Expanding Sound Design

Updated: Jul 27, 2020


 

Listen to the following sounds. Both of them are sounds of water.

If you listen to them closely, the sounds give you information about the motion of the water. The reverberance of the sound provides you information about the space of which the water is in.


The sound of an object provides information of that object. As a sound designer, we create sound for an image or an object, in order to communicate information to the listener.

 

Art work #1 Tasteful Turntable


We seldom pay attention to what sound we hear when we eat. Imagine, and compare the sound that you hear while you are having a piece of chips, and a piece of steak.
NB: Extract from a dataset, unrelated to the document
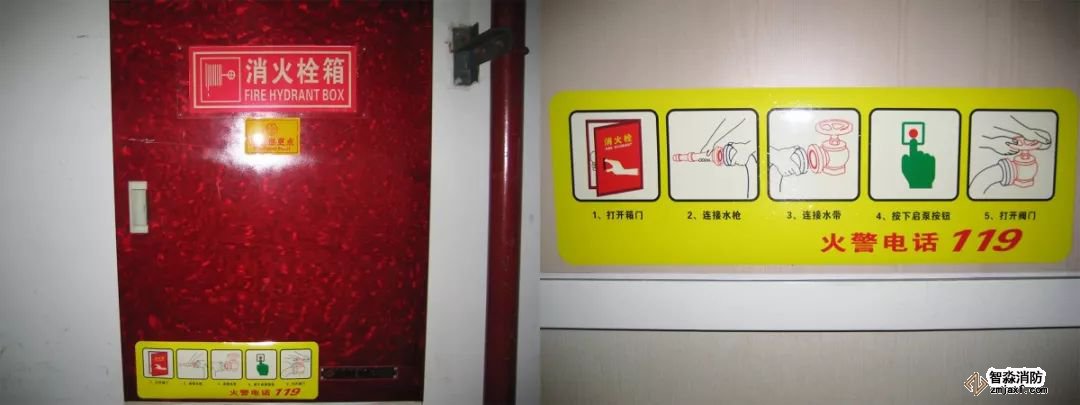 設(shè)置要求:在消火栓箱門中上部應(yīng)設(shè)置自發(fā)光式“消火栓箱”標牌,在中下部張貼操作方法圖例,圖例大小420×140mm。
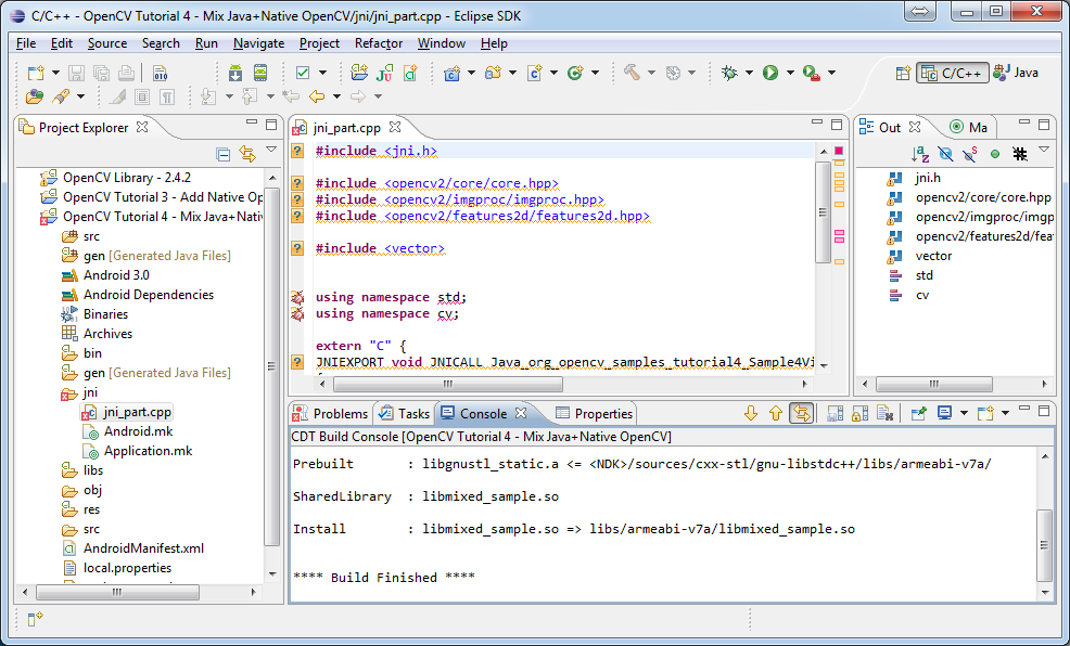 project.properties is a text file containing information about target Android platform and other build details. This file is generated by Eclipse or can be created with android tool included in Android SDK.AndroidManifest.xml and project.properties files are required to compile the C++ part of the application, since Android NDK build system relies on them. If any of these files does not exist, compile the Java part of the project before the C++ part.Android.mk and Application.mk scripts The script Android.mk usually has the following structure:

The sound that we hear while eating, which travel through both the eardrum and the skull, communicate information to us.

Tasteful Turntable is a performance that investigate how sound affect our perception of food, and how does taste affect our experience of music. During the performance, the audience listen to the composed music on the headphones, and are signaled to eat by a small flash light on the table, so that the music and the chewing of the food is synchronised.



 

Artwork #2 Ear Accessory- Workshop at Head Geneva by SounDoesTravel


Accessories that change the way that your ears pick up sound.



 

Artwork #3 The Sonification of Everyday Things

I found this very genius: to relate rotation to the repetitive nature of commercial music. A lot of the commercial music that we are familiar with involve a reoccurring groove, or persistently repeated units, to help with the propulsion of the piece.

Sonification is turning data into sound. In this art work, data used is the distance from the machine to the object, measured by the infrared sensor. In the recent decade there are a good deal of art works that sonify big data. Representative artists includes Nathalie Miebach, Juelie Freeman, Luke DuBois, and more.